What you need to do
Exactly as written, output the lines below starting from the first and ending with the line that contains "One electronically tested"; omit pictures.

Stored data: Begin

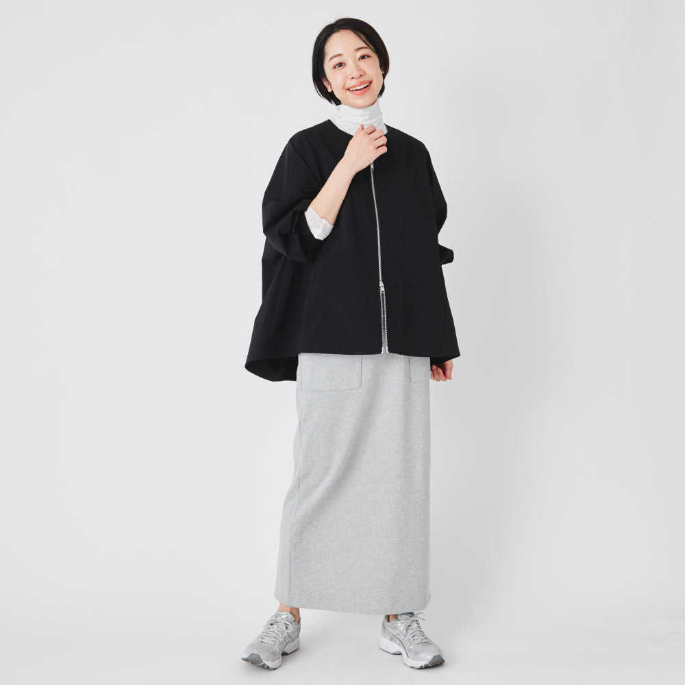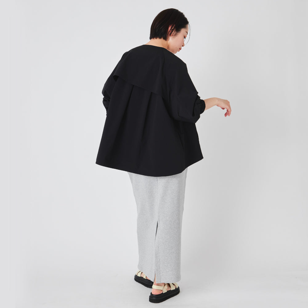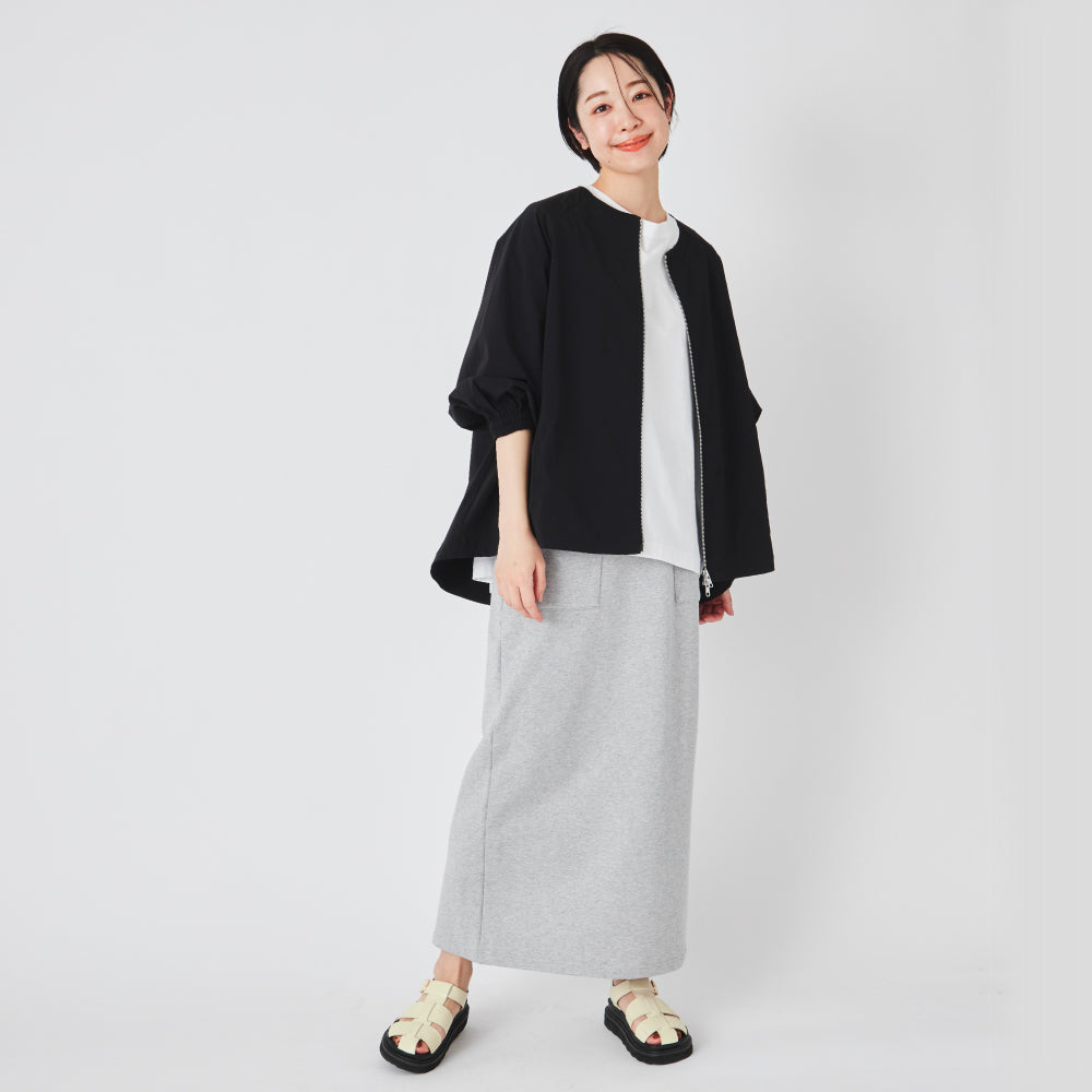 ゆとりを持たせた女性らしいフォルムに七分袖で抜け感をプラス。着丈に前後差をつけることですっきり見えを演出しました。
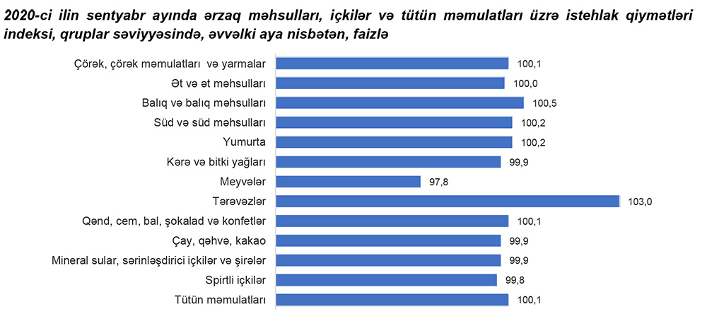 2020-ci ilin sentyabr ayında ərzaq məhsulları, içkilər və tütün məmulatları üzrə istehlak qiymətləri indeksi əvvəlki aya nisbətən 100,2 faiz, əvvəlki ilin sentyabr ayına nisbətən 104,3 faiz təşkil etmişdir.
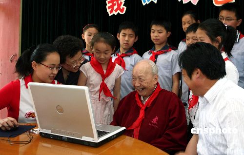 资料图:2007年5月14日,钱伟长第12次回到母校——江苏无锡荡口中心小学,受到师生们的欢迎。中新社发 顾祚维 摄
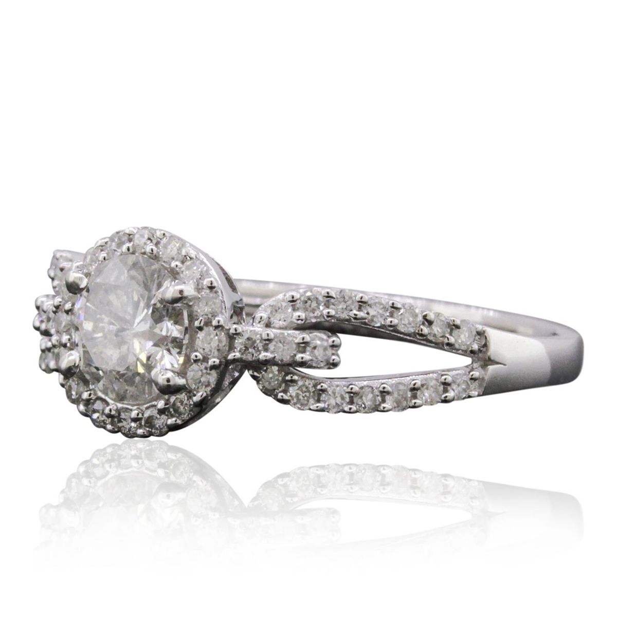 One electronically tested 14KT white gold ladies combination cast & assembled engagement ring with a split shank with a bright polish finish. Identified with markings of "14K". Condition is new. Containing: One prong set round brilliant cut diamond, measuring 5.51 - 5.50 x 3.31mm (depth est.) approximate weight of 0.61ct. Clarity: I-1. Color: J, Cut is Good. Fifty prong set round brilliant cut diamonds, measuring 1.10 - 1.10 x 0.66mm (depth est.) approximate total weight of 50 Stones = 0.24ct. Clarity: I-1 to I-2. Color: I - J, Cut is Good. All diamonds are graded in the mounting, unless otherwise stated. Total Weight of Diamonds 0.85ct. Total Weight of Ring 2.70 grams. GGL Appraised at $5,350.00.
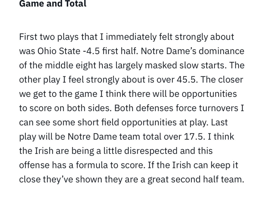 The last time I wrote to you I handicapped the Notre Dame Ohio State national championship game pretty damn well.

Stored data: End

Answer box
 ゆとりを持たせた女性らしいフォルムに七分袖で抜け感をプラス。着丈に前後差をつけることですっきり見えを演出しました。
 2020-ci ilin sentyabr ayında ərzaq məhsulları, içkilər və tütün məmulatları üzrə istehlak qiymətləri indeksi əvvəlki aya nisbətən 100,2 faiz, əvvəlki ilin sentyabr ayına nisbətən 104,3 faiz təşkil etmişdir.
 资料图:2007年5月14日,钱伟长第12次回到母校——江苏无锡荡口中心小学,受到师生们的欢迎。中新社发 顾祚维 摄
 One electronically tested 14KT white gold ladies combination cast & assembled engagement ring with a split shank with a bright polish finish. Identified with markings of "14K". Condition is new. Containing: One prong set round brilliant cut diamond, measuring 5.51 - 5.50 x 3.31mm (depth est.) approximate weight of 0.61ct. Clarity: I-1. Color: J, Cut is Good. Fifty prong set round brilliant cut diamonds, measuring 1.10 - 1.10 x 0.66mm (depth est.) approximate total weight of 50 Stones = 0.24ct. Clarity: I-1 to I-2. Color: I - J, Cut is Good. All diamonds are graded in the mounting, unless otherwise stated. Total Weight of Diamonds 0.85ct. Total Weight of Ring 2.70 grams. GGL Appraised at $5,350.00.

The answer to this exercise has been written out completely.